Udział w wyborach to wielkie wyzwanie. Taką decyzję należy zawsze rozważyć i skonsultować z bliskimi osobami. Jest to mój pierwszy start w wyborach parlamentarnych. Zdecydowałem się na to bo wiem, że po wielu latach pracy w samorządzie jestem na to merytorycznie gotowy.
Jakie są Pana najważniejsze punkty programowe?
Jako poseł chciałby skupić się na trzech obszarach. Pierwszym z nich jest edukacja. W dobie gwałtownych przemian cywilizacyjnych dobra edukacja jest czymś bez czego trudno wyobrazić sobie godne życie.
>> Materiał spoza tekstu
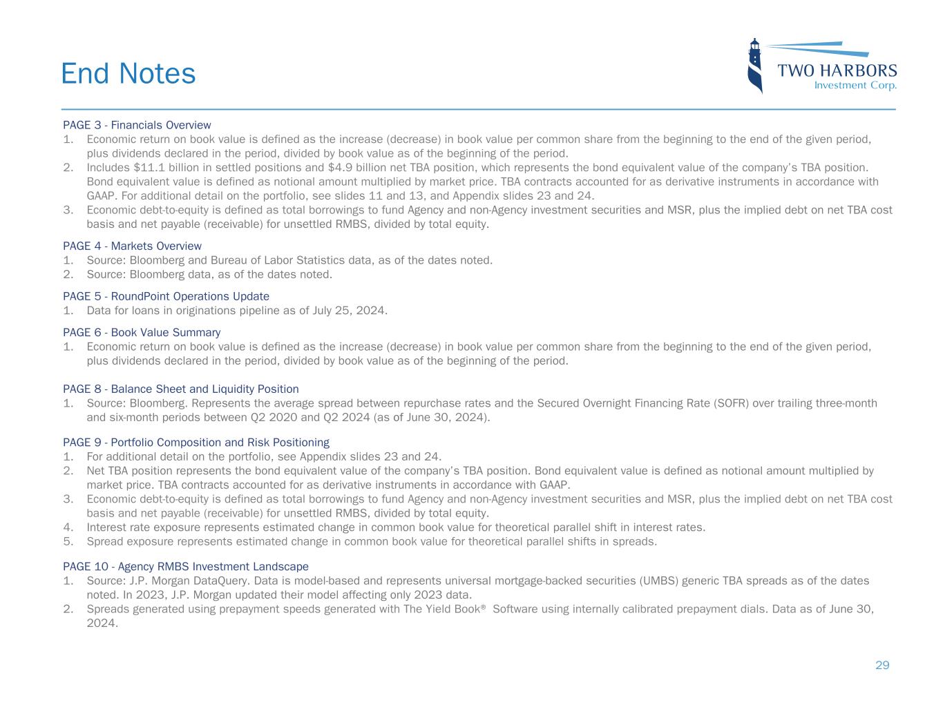 PAGE 3 - Financials Overview 1. Economic return on book value is defined as the increase (decrease) in book value per common share from the beginning to the end of the given period, plus dividends declared in the period, divided by book value as of the beginning of the period. 2. Includes $11.1 billion in settled positions and $4.9 billion net TBA position, which represents the bond equivalent value of the company’s TBA position. Bond equivalent value is defined as notional amount multiplied by market price. TBA contracts accounted for as derivative instruments in accordance with GAAP. For additional detail on the portfolio, see slides 11 and 13, and Appendix slides 23 and 24. 3. Economic debt-to-equity is defined as total borrowings to fund Agency and non-Agency investment securities and MSR, plus the implied debt on net TBA cost basis and net payable (receivable) for unsettled RMBS, divided by total equity. PAGE 4 - Markets Overview 1. Source: Bloomberg and Bureau of Labor Statistics data, as of the dates noted. 2. Source: Bloomberg data, as of the dates noted. PAGE 5 - RoundPoint Operations Update 1. Data for loans in originations pipeline as of July 25, 2024. PAGE 6 - Book Value Summary 1. Economic return on book value is defined as the increase (decrease) in book value per common share from the beginning to the end of the given period, plus dividends declared in the period, divided by book value as of the beginning of the period. PAGE 8 - Balance Sheet and Liquidity Position 1. Source: Bloomberg. Represents the average spread between repurchase rates and the Secured Overnight Financing Rate (SOFR) over trailing three-month and six-month periods between Q2 2020 and Q2 2024 (as of June 30, 2024). PAGE 9 - Portfolio Composition and Risk Positioning 1. For additional detail on the portfolio, see Appendix slides 23 and 24. 2. Net TBA position represents the bond equivalent value of the company’s TBA position. Bond equivalent value is defined as notional amount multiplied by market price. TBA contracts accounted for as derivative instruments in accordance with GAAP. 3. Economic debt-to-equity is defined as total borrowings to fund Agency and non-Agency investment securities and MSR, plus the implied debt on net TBA cost basis and net payable (receivable) for unsettled RMBS, divided by total equity. 4. Interest rate exposure represents estimated change in common book value for theoretical parallel shift in interest rates. 5. Spread exposure represents estimated change in common book value for theoretical parallel shifts in spreads. PAGE 10 - Agency RMBS Investment Landscape 1. Source: J.P. Morgan DataQuery. Data is model-based and represents universal mortgage-backed securities (UMBS) generic TBA spreads as of the dates noted. In 2023, J.P. Morgan updated their model affecting only 2023 data. 2. Spreads generated using prepayment speeds generated with The Yield Book® Software using internally calibrated prepayment dials. Data as of June 30, 2024. End Notes 29

Pragnę działać na rzecz dobrej współpracy parlamentu z samorządem na rzecz edukacji. Kolejną kwestią jest kultura i pamięć historyczna. Chciałbym na wyższym poziomie kontynuować działania, które prowadzę od lat jako społecznik i radny. Trzecia rzecz do infrastruktura. Nasz region dynamicznie się rozwija, potrzebujemy nowych dróg oraz lepszej komunikacji kolejowej i autobusowej.
Jakie są Pańskie prognozy wyborcze. Czy Prawo i Sprawiedliwość zdobędzie takie poparcie które spowoduje samodzielność w rządzeniu?
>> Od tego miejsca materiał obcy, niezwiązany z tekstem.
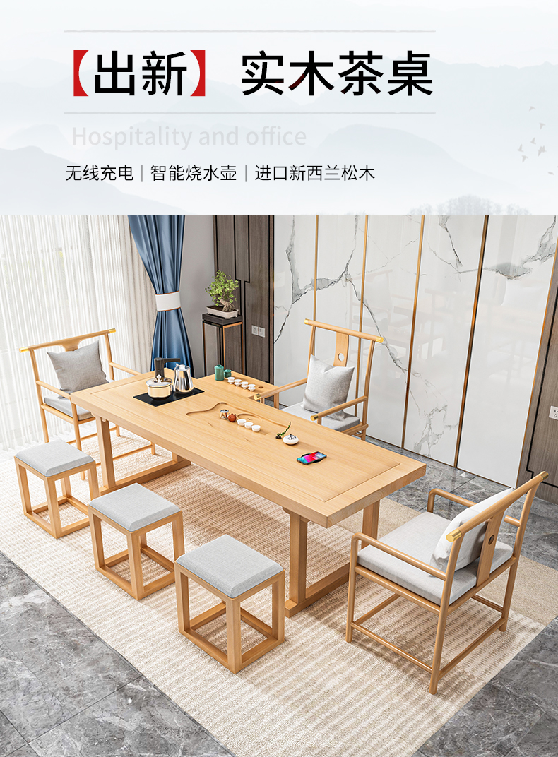 Bàn trà gỗ nguyên khối kiểu Trung Quốc mới kết hợp thiết lập một bàn trà kung fu nhà bàn trà bàn trà Zen log bàn trà

Do wyborów zawsze trzeba podchodzić z pokorą. Sondaże są dziś dla nas łaskawe, wiele z nich daje nam samodzielną większość. Jak będzie przekonamy się jednak 13 października.
Czego Panu życzyć?
Przede wszystkim szczęścia rodzinnego i zdrowia. Moja żona właśnie spodziewa się bliźniaków. Mam nadzieję, że będzie dobrze się czuła a dzieci urodzą się zdrowe.